Carolina Giammetta trained as an actress and has written and directed several acclaimed award-winning short films that have been selected for international film festivals and won several Best Short Film awards across the world.
She’s directed Doctors and Casualty for BBC Drama, lead on the first series of Shakespeare & Hathaway and directed two 90-minute episodes of Vera for ITV. Last year she completed the feature length opening of the new season of Agatha Raisin for SKY 1 & Acorn and is currently directing her first authored piece The Drowning a four part drama (Unstoppable Film & TV, Element Pictures, ALL3Media)
Her feature film Pizza Face (nominated for the IMDB ‘Script to Screen’ award) with producer Alexandra Blue is in development with the BFI. Her award-winning Holy Cannelloni (BAFTA long-listed short for Pizza Face) was funded by BFI Network & Creative England.
When did you know you wanted to be a director?
Ok, so this first question has a bit long-winded answer but it’s totally how I got here, so thought it would be good to put down!
I’m 2nd generation Italian brought up in Nottingham. My parents could barely speak English never mind try to get me involved in extracurricular activities. I remember putting on my own productions of Grease & Wizard of Oz at primary school, which I designed, directed and performed in as well as operating the music & lights! I asked if we could do something other than the nativity play and they said if I wanted to do it…. just do it yourself. I still can’t believe the school let me do that at the age of 10 years old. At secondary school I was really lucky to have an amazing drama teacher who told me about the drama groups in Nottingham. When Central Studios was built in Nottingham, they set up The Central Junior TV Workshop (now the TV Workshop). The idea was that they had a pool of kids to cast children’s shows that were being made there, rather than having to go to stage schools. Loads of kids auditioned for it and I was lucky enough to be one of the original 25 that started the founder group. We met twice a week and put on theatre shows and worked on a lot of TV shows, like Murphy’s Mob, Dramarama, Luna, etc. During one session a producer called Peter Murphy from Zenith North came along and asked us if we could have our own TV show what would it be? We came up with a show called Your Mother Wouldn’t Like it (named after a designer label of someone’s dad’s shirt I think). Six of us were picked out of the group to work with the writing team on it. I remember seeing one of my first sketches filmed and broadcasted and it was amazing but I also remember thinking it wasn’t quite how I saw it.

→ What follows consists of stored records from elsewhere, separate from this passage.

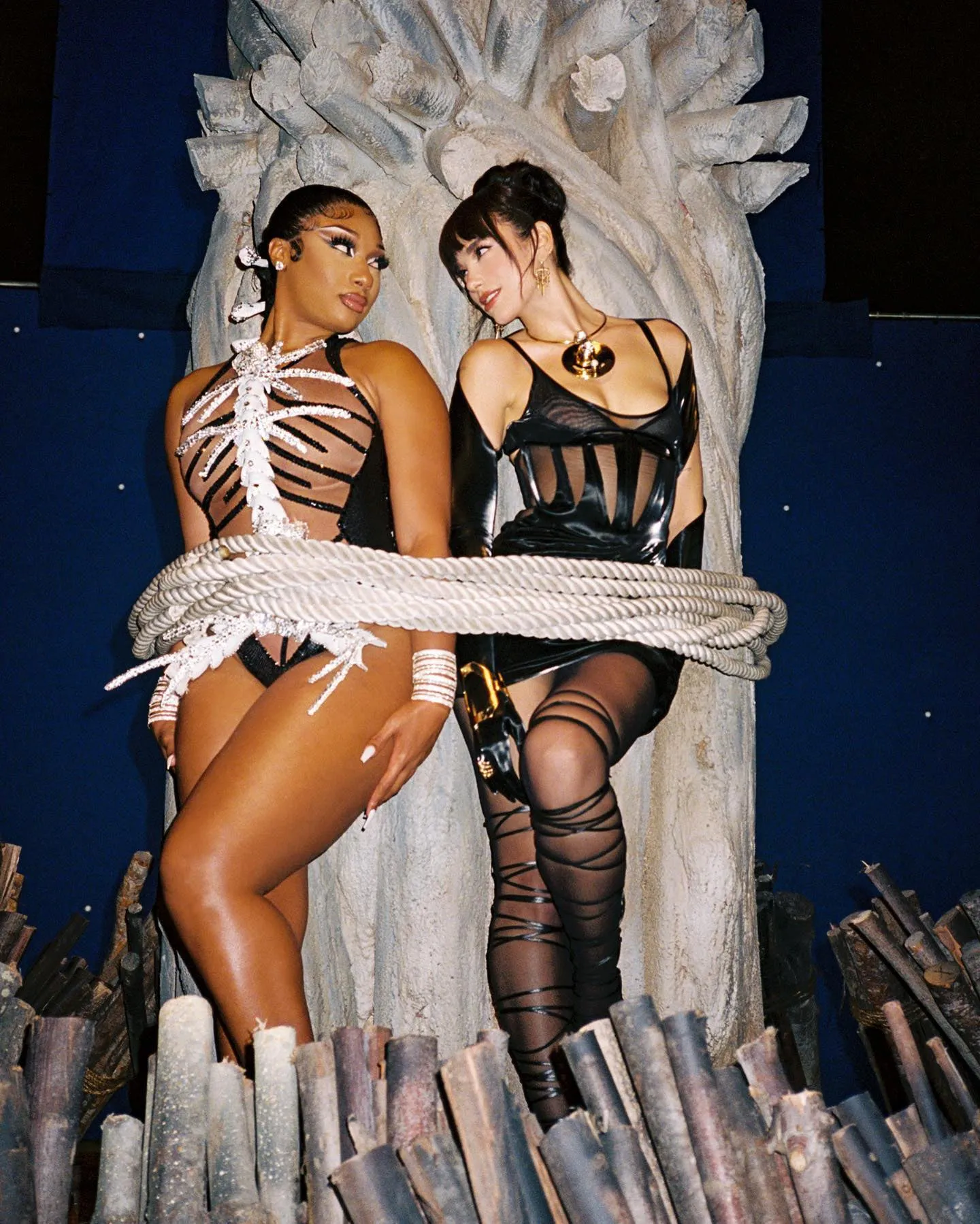 American rapper Megan Jovon Ruth Pete, known professionally as Megan Thee Stallion and English singer and songwriter Dua Lipa share stills from their new music video in the second decade of March 2022. (Photo by Instagram)
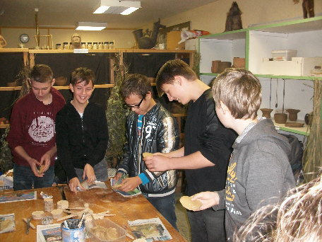 Das Steinzeitdorf bot noch weitere Aktivitäten. Wir durften selbst weben und töpfern. Es war eine interessante und auch lustige Erfahrung. Dabei unterstützten uns bei unseren Fragen die Kussowmitarbeiter tatkräftig und freundlich. Das Getöpferte und das Gewebte durften wir sogar mit nachhause nehmen.
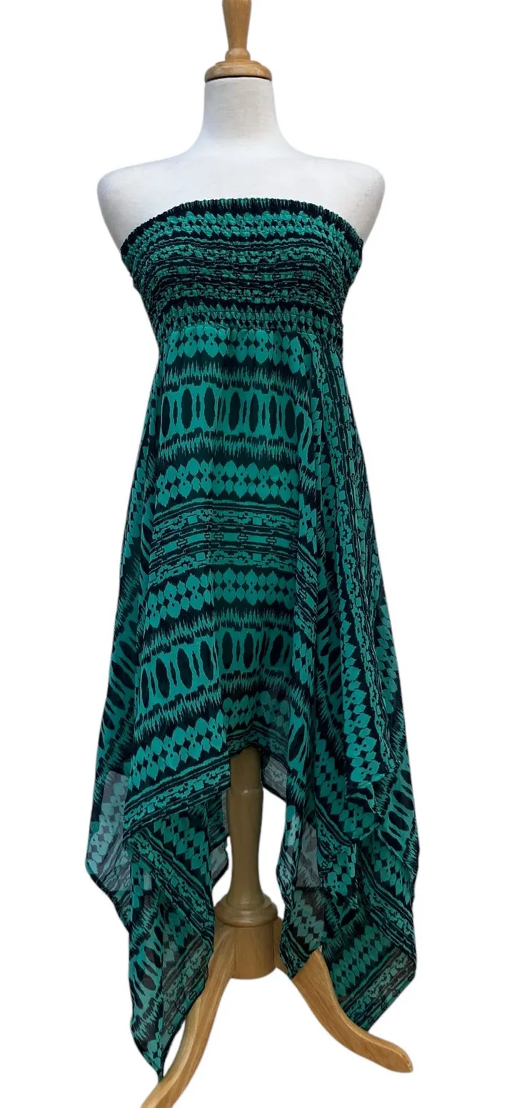 Brand: DEB Size: Medium Material: 100% Polyester Color: Teal and black with geometric print Style: Y2K, whimsygoth, fairy grunge, boho, asymmetrical, Lightweight Fit: thick smocked bustline with handkerchief hemline. Sheer chiffon fabric with mini length lining. Pull on. Strapless, asymmetrical Measurements are approx. and taken lying flat. Chest 11” with considerable stretch. Length waist to hem 28.5” at the shortest point. Sides drape down longer. Ships from a smoke free, pet friendly home. Steam cleaned prior to listing. Condition notes: good vintage condition. No notable rips, stains or tears. Photographed in natural light. Color may vary under different lighting conditions. Please see images for exact condition, Happy to send more details if requested! Offers welcome.
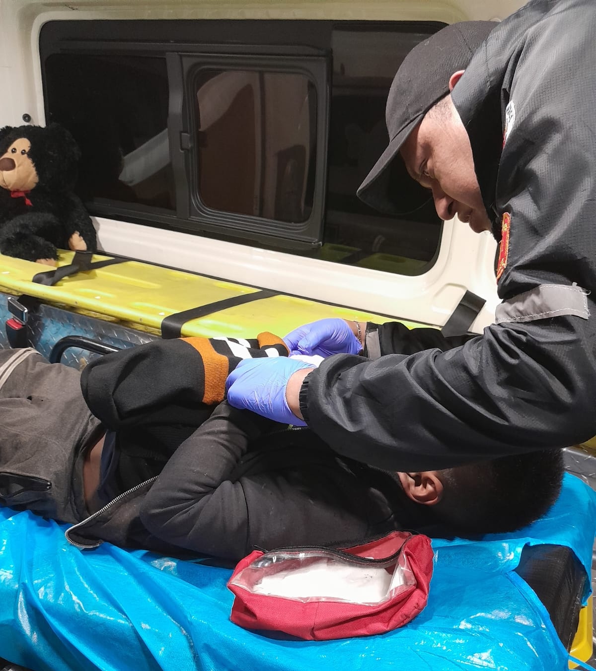 El menor de 13 años fue trasladado de emergencia al Hospital Roosevelt. (Foto Prensa Libre: Bomberos Voluntarios)
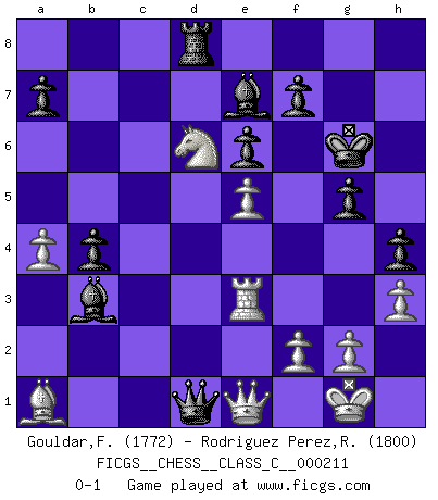 Last move : 0-1 2015 March 11 14:20:9 [Event "FICGS__CHESS__CLASS_C__000211"] [Site "FICGS"] [Date "2014.07.25"] [Round "1"] [White "Gouldar,Frances"] [Black "Rodriguez Perez,Rene"] [Result "0-1"] [WhiteElo "1772"] [BlackElo "1800"] 1.e4 e6 2.d4 d5 3.Nc3 Nf6 4.e5 Nfd7 5.Nf3 c5 6.Bb5 Nc6 7.O-O cxd4 8.Ne2 Qb6 9.Nexd4 Nxd4 10.Nxd4 Bc5 11.Bxd7+ Bxd7 12.c3 O-O 13.Nb3 Be7 14.Be3 Qc7 15.Bd4 Ba4 16.Re1 b6 17.Re3 Rac8 18.Rg3 Rfe8 19.Qg4 g6 20.Rh3 Qc4 21.Nd2 Qa6 22.b3 Bb5 23.Nf3 Bd3 24.Qf4 h5 25.Rg3 Kg7 26.h3 Rh8 27.Nd2 h4 28.Rf3 Bf5 29.c4 Rh5 30.Qe3 Qb7 31.Rc1 dxc4 32.Rxc4 R5h8 33.Qf4 g5 34.Qe3 Kg6 35.Rxc8 Rxc8 36.Bc3 Qd5 37.Qe1 b5 38.a4 b4 39.Ba1 Rd8 40.Nc4 Qd1 41.Re3 Bc2 42.Nd6 Bxb3 0-1 Comment by player 1 : Frances Gouldar : hello and good game. French : Steinitz variation Kingside Castling by player White (move 7) Kingside Castling by player Black (move 12) Player Black won this chess game. Follow this game move after move (download)Chess is really ninety nine percent calculation. (Soltis) Obwohl ich vom Stil her kaum zu den Priestern der Schachkunst gezählt werde, halte ich Schach doch für eine Kunst. (Tigran Petrosjan) Aquellos que dicen entender al Ajedrez, no entienden nada. (Robert Hubner) Le moment que je préfère le plus dans une rencontre, c'est celui où je sens que la personnalité de l'adversaire se brise. (Robert Fischer) Who needs drugs and alcohol if he can play Big Chess at FICGS ? (Heinz-Georg Lehnhoff)
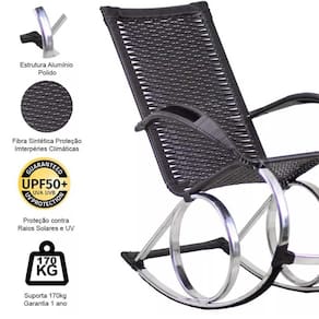 Cadeira De Balanço Em Alumínio Para Jardim E Sala , Ag Caracteristicas: Pecas produzidas em aluminio polido ou pintado (trabalhamos com a pintura eletrostatica) e revestidas em fibra sintetica com protecao UV.
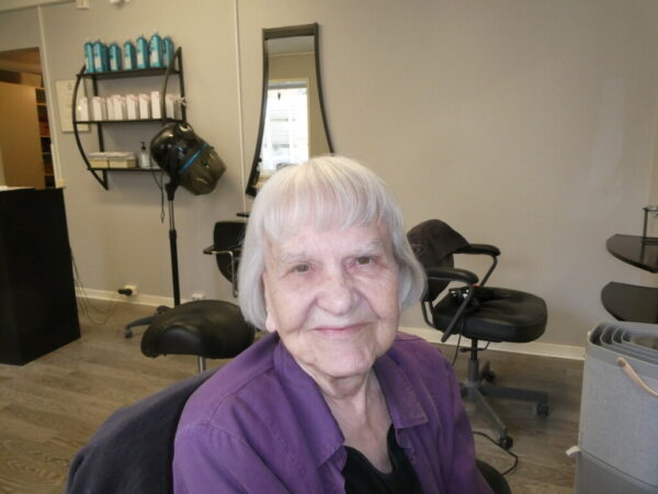 Så lyxigt att gå till den trevliga frisören ”inomhus” utan att behöva ta på mig ytterkläder, trots att det skiljer flera hus mellan oss. 7 minuters promenad!
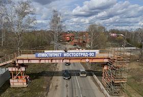 Строительство головного участка с 15 по 58 км. скоростной автомобильной дороги М-11 "Москва - Санкт-Петербург". Один из путепроводов автодороги.
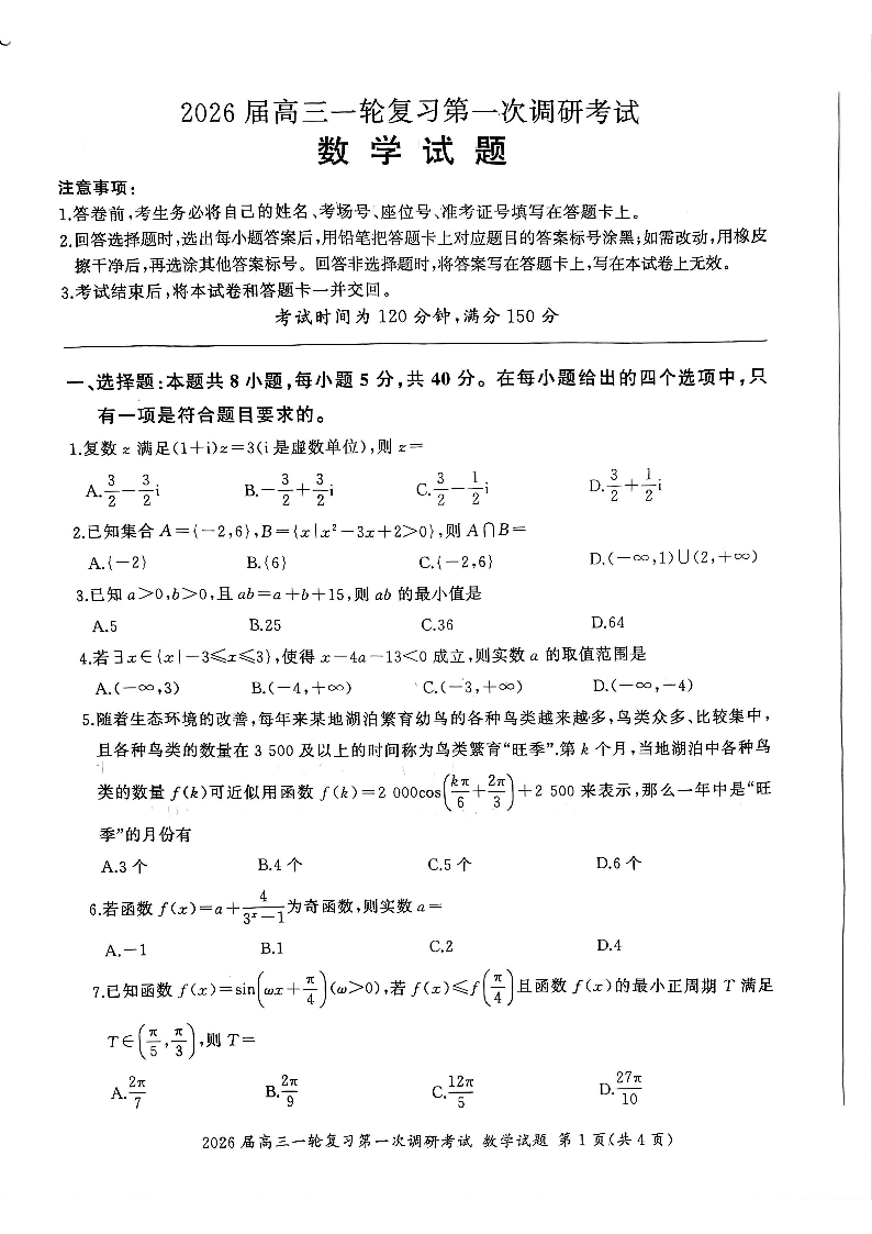 四川省百师联盟2026届高三一轮复习第一次调研考试 数学.pdf
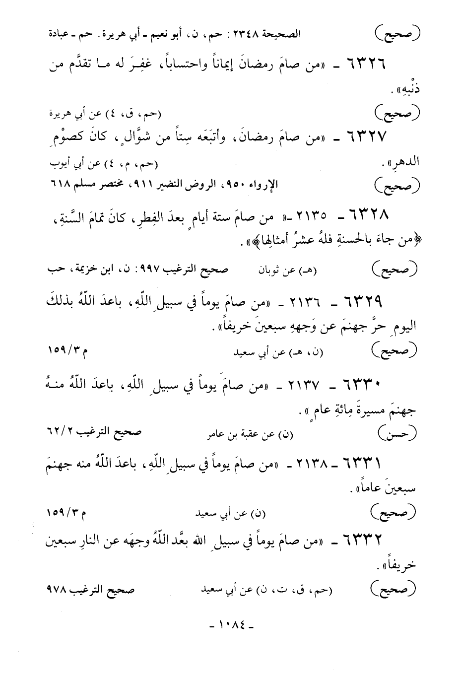 6331 - 2138 - «من صام يوما في سبيل الله باعد الله وجهه من جهنم سبعين عاما» .
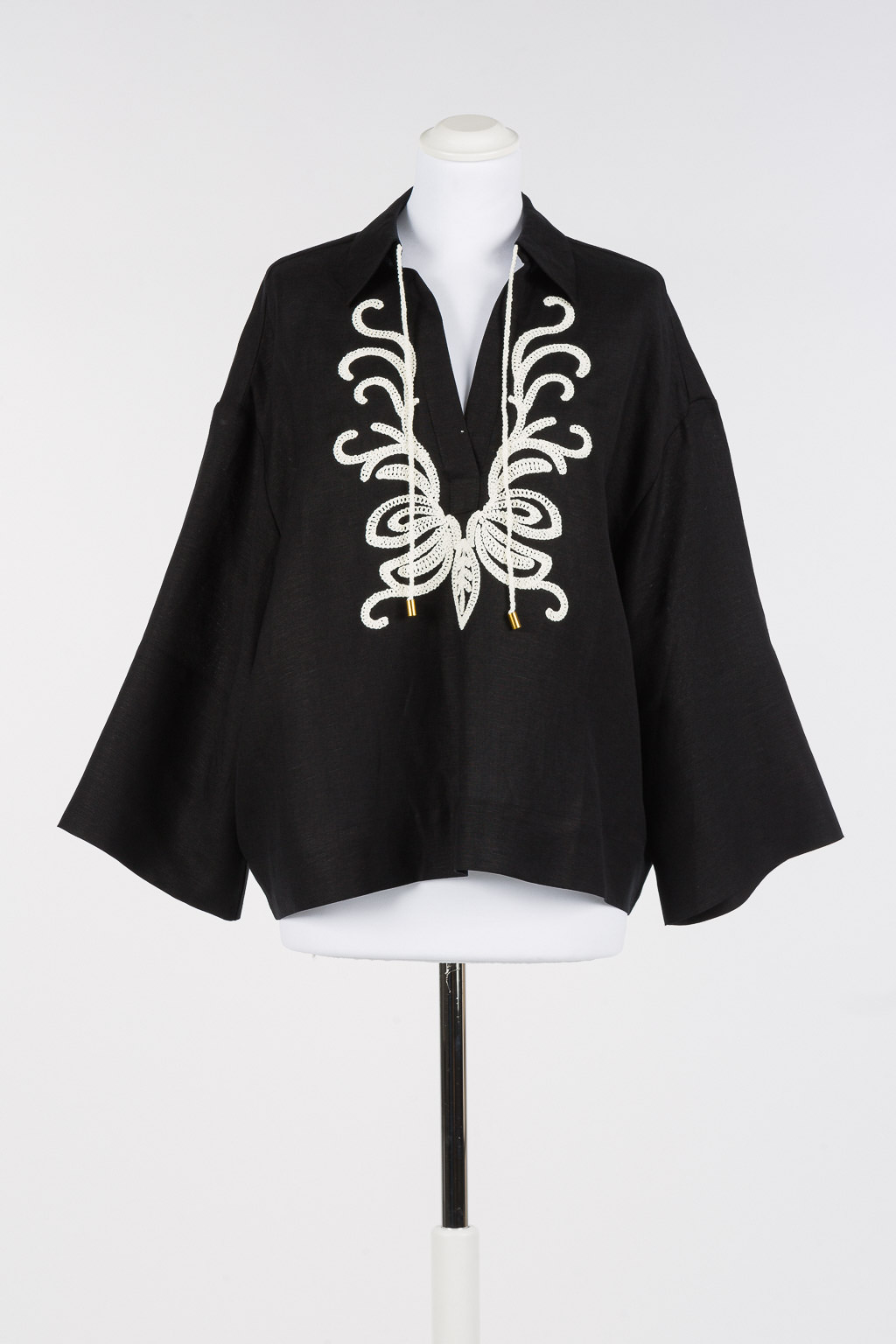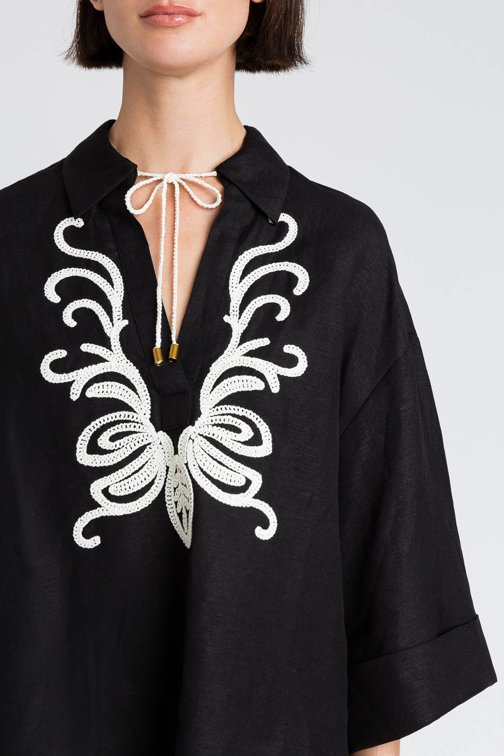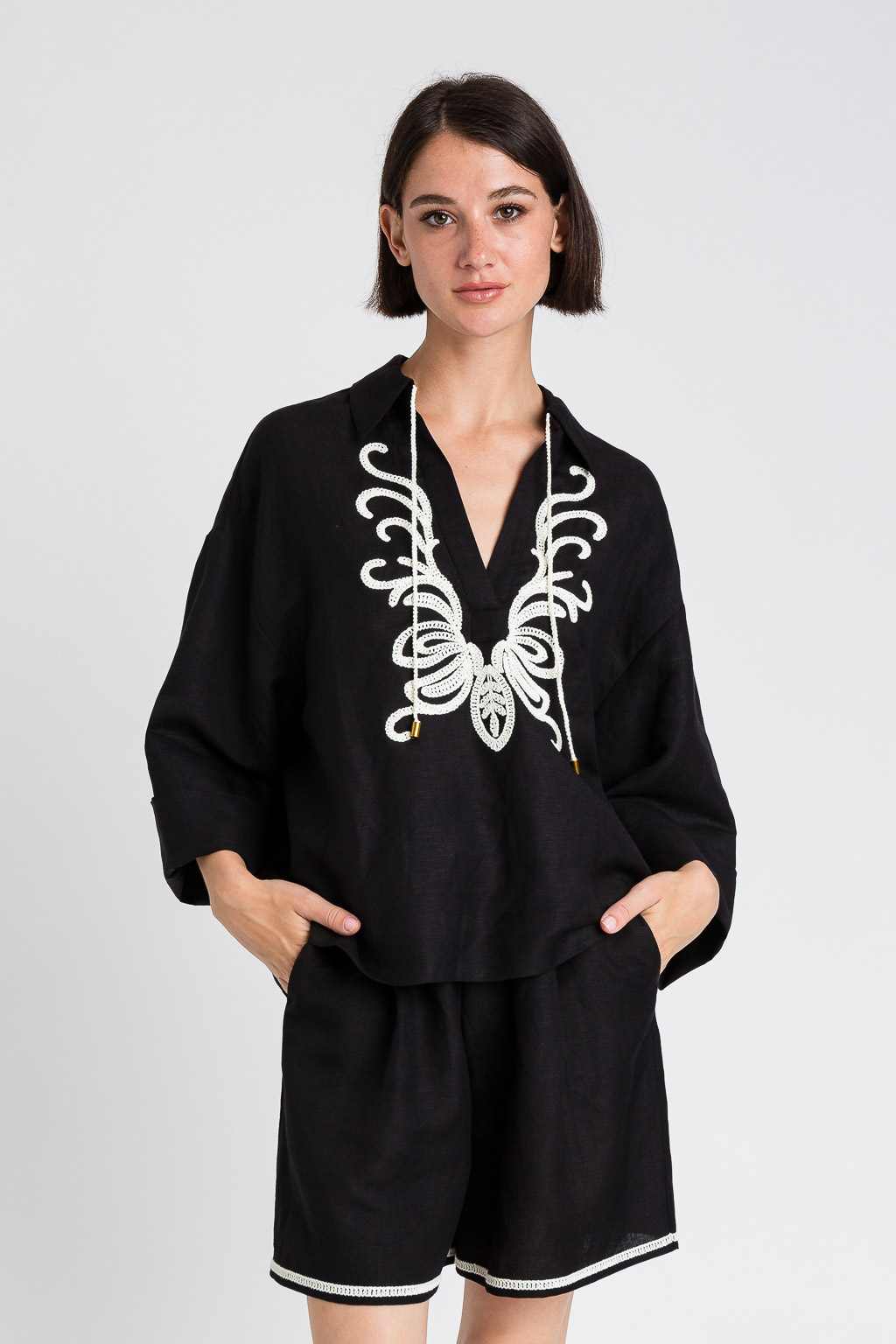 Il taglio classico è valorizzato da dettagli ricamati che aggiungono un tocco di personalità senza appesantire il design. Versatile e facile da abbinare, può essere indossata sia in contesti casual con jeans o pantaloni ampi, sia per occasioni più formali con gonne o outfit coordinati.
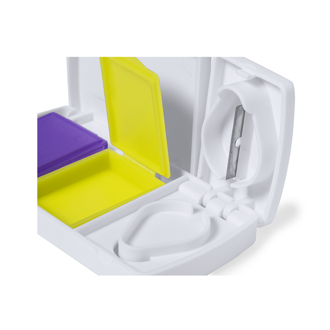 Cutie pentru pastile din material moale și rezistent, de culoare albă. Cu 2 cutii interioare, sistem de blocare de siguranță și lamă pentru a tăia pastile.
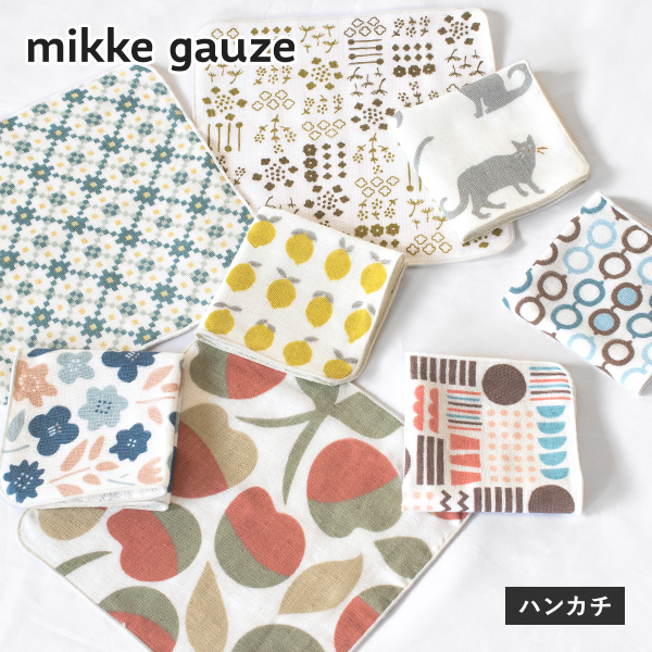 ネコに、レモン、メガネにお花。優しい北欧テイストのデザインが可愛いガーゼハンカチ。

After that I wrote two screenplays/dramaramas for the Central TV writing competition and won it both years that it ran. This gave me a huge amount of confidence as my English was terrible at school, I was dyslexic, in bottom set English and my vocabulary was really poor as my parents didn’t really speak English. However, when I wrote my scripts, script editors from Central Studios would type them up and sort out all the mistakes. Both scripts were produced on stage and I remember seeing how they had been directed and again it not being how I imagined.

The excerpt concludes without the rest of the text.